Ch. 14: Vere persuades Isabella to marry Langley, making it clear that he had arranged for her abduction to avoid, at least for a time, the awkwardness arising from her coldness towards her destined husband.

Ch. 15: Ratcliffe urges Isabella to seek Elshie's help and tells her how Elshie had been deeply affected by a close friend's marriage to his own intended (a kinswoman) during his time in prison for killing the friend's assailant during a brawl.

Ch. 16: Isabella returns the rose of Ch. 5 to Elshie who sends her back and promises to prevent the marriage.

Ch. 17: Elshie interrupts the wedding, revealing himself to be Sir Edward Mauley, and informs them that he owns all this property and will not consent that any of it go to Sir Frederick. Sir Frederick, who only sought the marriage for the money and property, abandons it and leaves the hall. Hobbie arrives with a party for himself, the King and for Elshie. In the best interests of peace they allow the remaining conspirators to disperse, except Willie of Westburnflat, who has already fled. Isabella falls at Sir Edward's feet weeping in gratitude, then collapses and is carried to her room.

Ch. 18: Ratcliffe brings Isabella a letter from her father announcing that he is going into exile and explaining matters further: in particular her father's identity as Sir Edward's friend and rival, and Ratcliffe's role as Sir Edward's agent. Hobbie and Grace are married, as are Isabella and Earnscliff. Ratcliffe once each year goes on a trip, obviously to visit Sir Edward. One day he returns and it is evident that Sir Edward has died. Ratcliffe dies in old age without revealing any information about Sir Edward's retirement or the manner of his death. The fates of Richard Vere, Willie of Westburnflat, Ralph Mareschal and Lucy Ilderton are also told.

==Reception==
The overall title Tales of my Landlord and the Introduction by Jedidiah Cleishbotham found no favour with the reviewers.
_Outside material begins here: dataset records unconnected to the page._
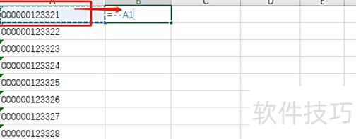 打开需处理的表格,选中第二列首单元格,输入等号后点击第一列首个单元格,所示。
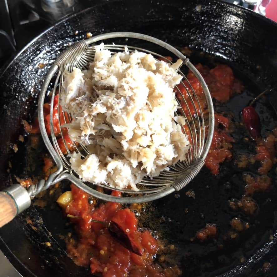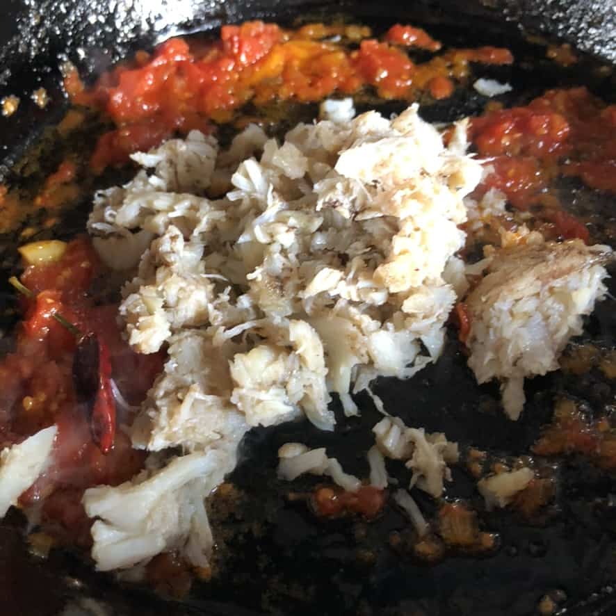 - Finish the crab sauce. While the pasta is boiling, add the crab meat, season with salt if needed, and stir the sauce to combine. *If you haven't timed the pasta to be ready just as the sauce is ready, turn off the heat to the sauce while you wait for the pasta to finish cooking which will keep it from getting too dry.
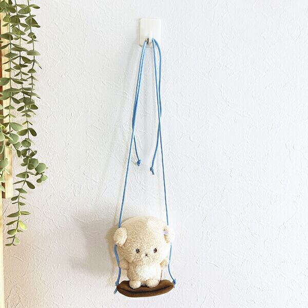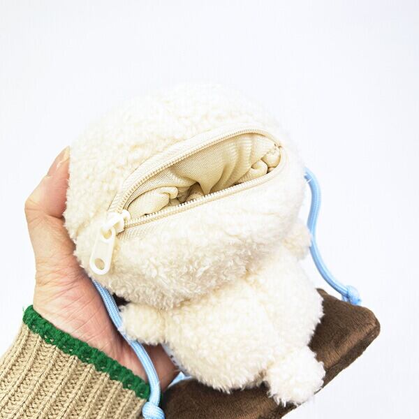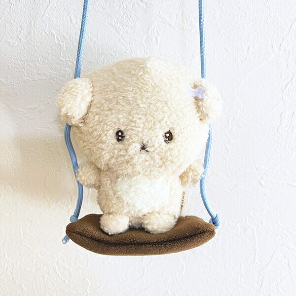 ブランコに乗っているようなデザインのポシェットです。紐の調節ができるのが嬉しい。チャックを開けると小物が入ります♪
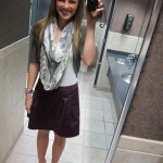 Gray shrug: New York & Company White tank top: Forever 21 Purple skirt: The Limited Nude pumps: Gabriella Rocha Infinity scarf: Express Watch: Michele Bangle: Brighton Bracelet: David Yurman Pale legs despite numerous applications of build-a-tan lotion: Julie Fagan Clearly I love wearing every nice piece of jewelry that I own at once. I get…

The Black Dwarf was generally judged much inferior to Old Mortality, its central character a failure, and its story slight and hastily concluded. Nevertheless a master hand was discerned in the details of some of the supporting characters and the depiction of Border manners. Three reviews were predominantly favourable (The British Review, The Edinburgh Review, and The New Monthly Magazine), the last even judging it much the better and more original of the two stories for characters and story.